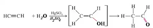 Alternativ, din hidratarea acetilenei, catalizată cu săruri de mercur, rezultă etanol, care duce la acetaldehidă. Această metodă a fost folosită înaintea descoperirii procesului Wacker, iar acum se utilizează foarte puțin.
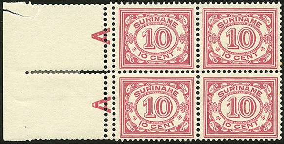 86, 10 cent karmijn in postfris blok van vier, tanding 12½ met variëteit: extra perforatieslag waardoor dubbele perforatie met 'Diamanttanding' is ontstaan met cert. Vleeming (2015)
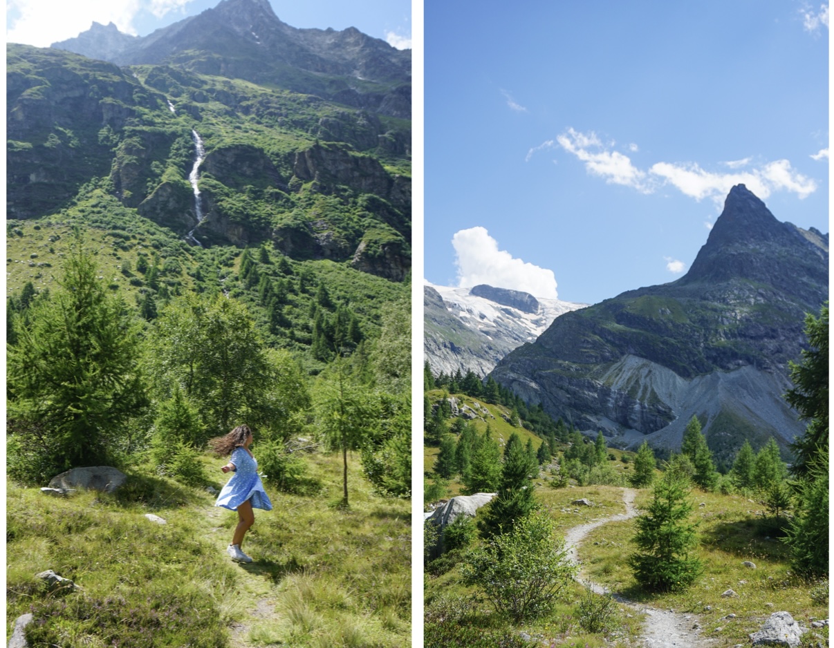 Nous avons décidé de continuer notre journée par la randonnée jusqu’au Glacier du Mont Miné qui débute au village de Ferpècle. On s’est d’abord garés le long de la route, juste avant le restaurant Le Petit Paradis. Nous avons ensuite marché le long de la route jusqu’au barrage de Ferpècle, puis nous avons continué par le sentier arboré pour ensuite longer la rivière et arriver au glacier du Mont Miné en une trentaine de minutes. Des paysages variés se succèdent : montagnes, cascade, forêt, rivière, puis une magnifique vue sur le glacier ! On a vraiment apprécié cette randonnée pour ce cadre riche et diversifié ! Elle est aussi très accessible car c’est du plat tout le long. Après la petite grimpette de ce matin, c’est appréciable pour les jambes ahah !
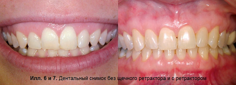 Щечные ретракторы, часто называемые расширителями рта, являются универсальным вспомогательным средством и должны применяться при всех видах фронтальных и боковых снимков. При ретракции щек, с одной стороны, создается рабочее поле большего размера, которое проще осветить (илл. 6 и 7). С другой стороны, возможно избежать освещения нежелательных участков и сконцентрироваться на виде самого существенного. Щечные ретракторы изготавливаются из металла и пластмассы. В дентальной фотографии рекомендуется использование пластмассового ретрактора, поскольку он лучше с точки зрения эстетики, возможна более точная фиксация и одновременно он минимально отражает свет. Кроме того, пластмассовые ретракторы оптически менее пугающие и более приятные для большинства пациентов.
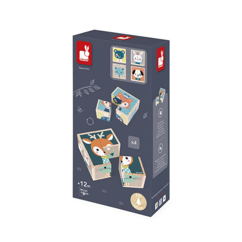 Los 6 Cubos de Madera de Janod permiten a los peques crear distintas imágenes de animales al combinar los cubos correctamente.
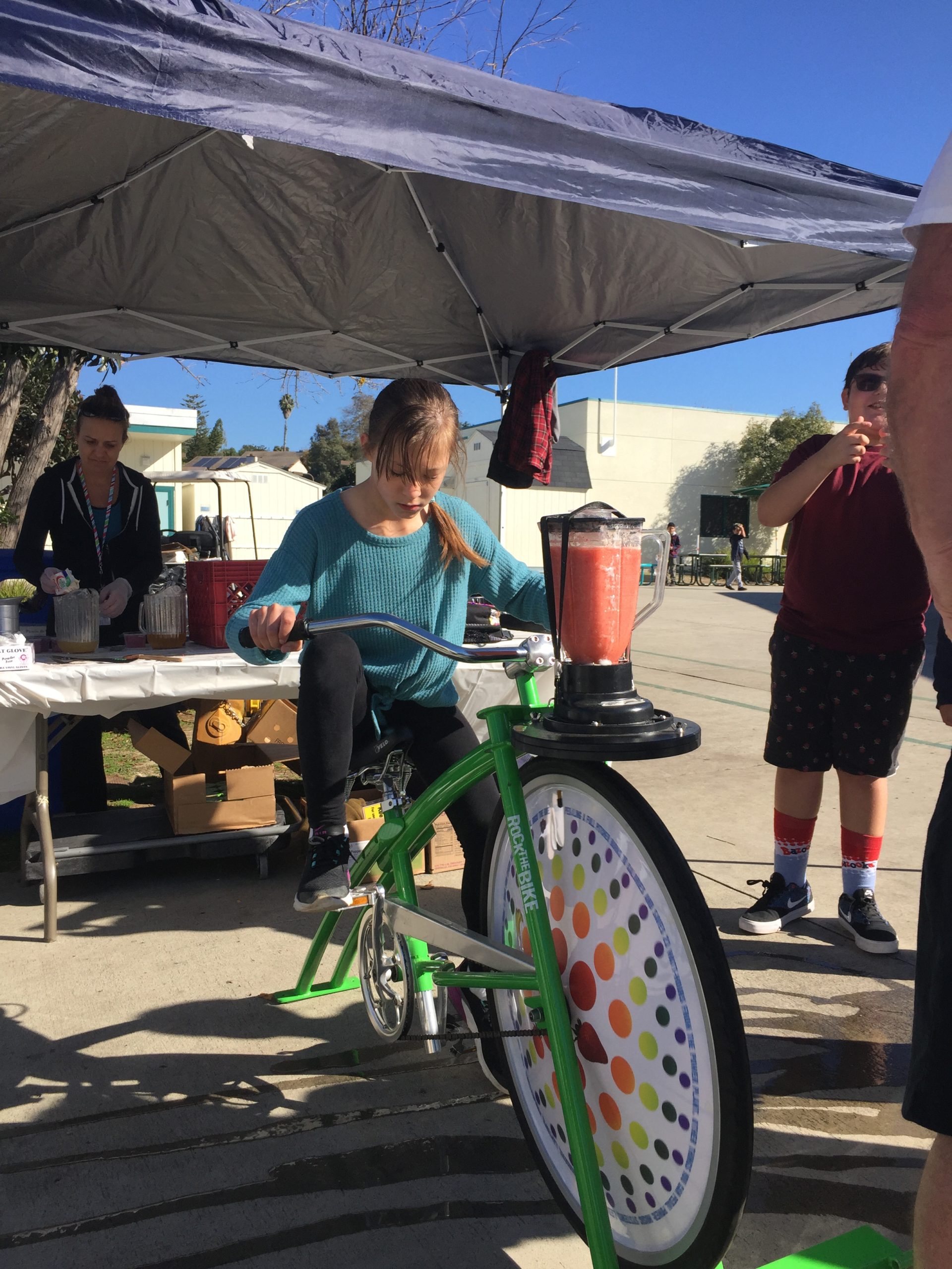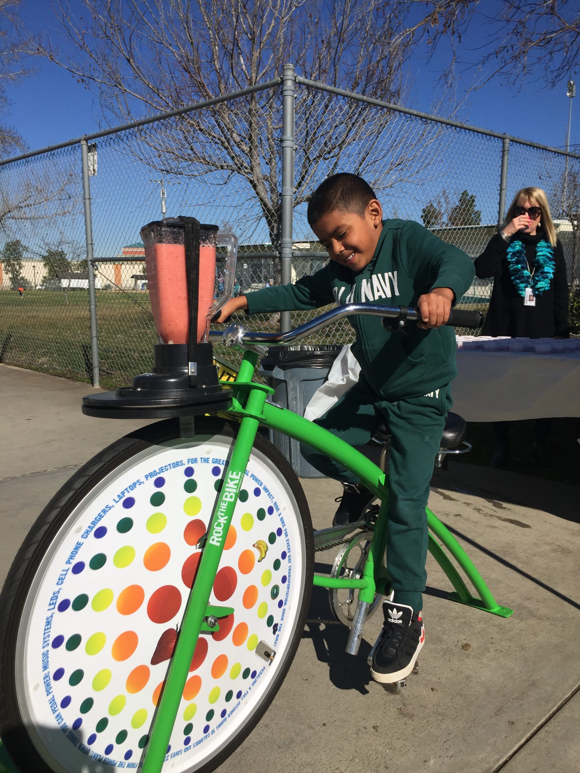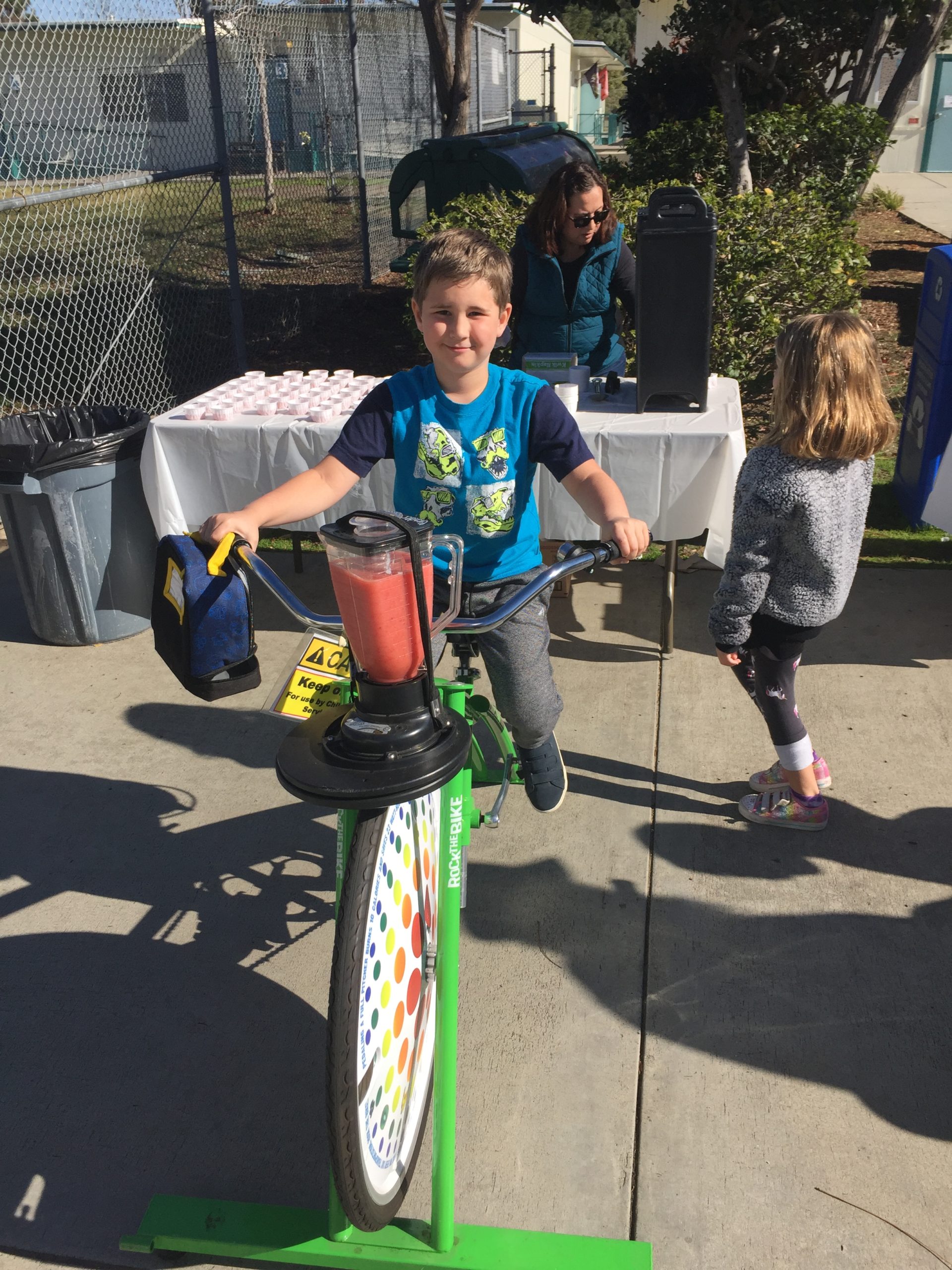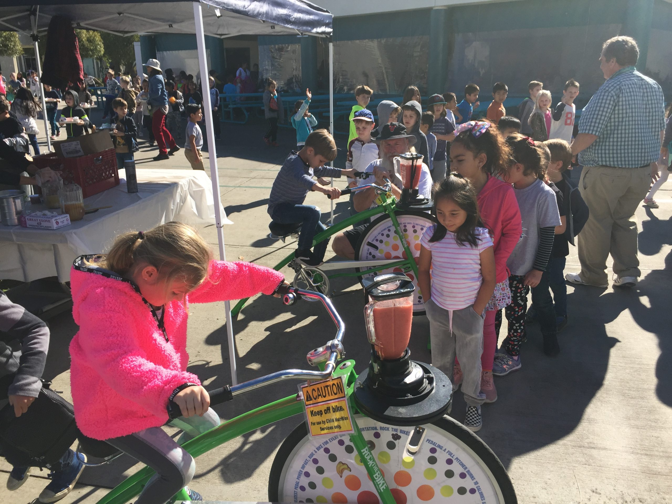 Students from TK all the way to 5th Grade took their turns riding the bikes which in turn created delicious and healthy drinks. VUSD’s WaveCrest Cafe provided frozen strawberries, apple juice, and yogurt for the students to blend. Everyone had a chance to hop on the blender bikes and then sample the product of their pedaling.

──────────

#### [The problem]
Print the data above exactly, from its first line to the line bearing "86, 10 cent" inclusive, and keep pictures out of the result.

#### [Expected answer]
 Alternativ, din hidratarea acetilenei, catalizată cu săruri de mercur, rezultă etanol, care duce la acetaldehidă. Această metodă a fost folosită înaintea descoperirii procesului Wacker, iar acum se utilizează foarte puțin.
 86, 10 cent karmijn in postfris blok van vier, tanding 12½ met variëteit: extra perforatieslag waardoor dubbele perforatie met 'Diamanttanding' is ontstaan met cert. Vleeming (2015)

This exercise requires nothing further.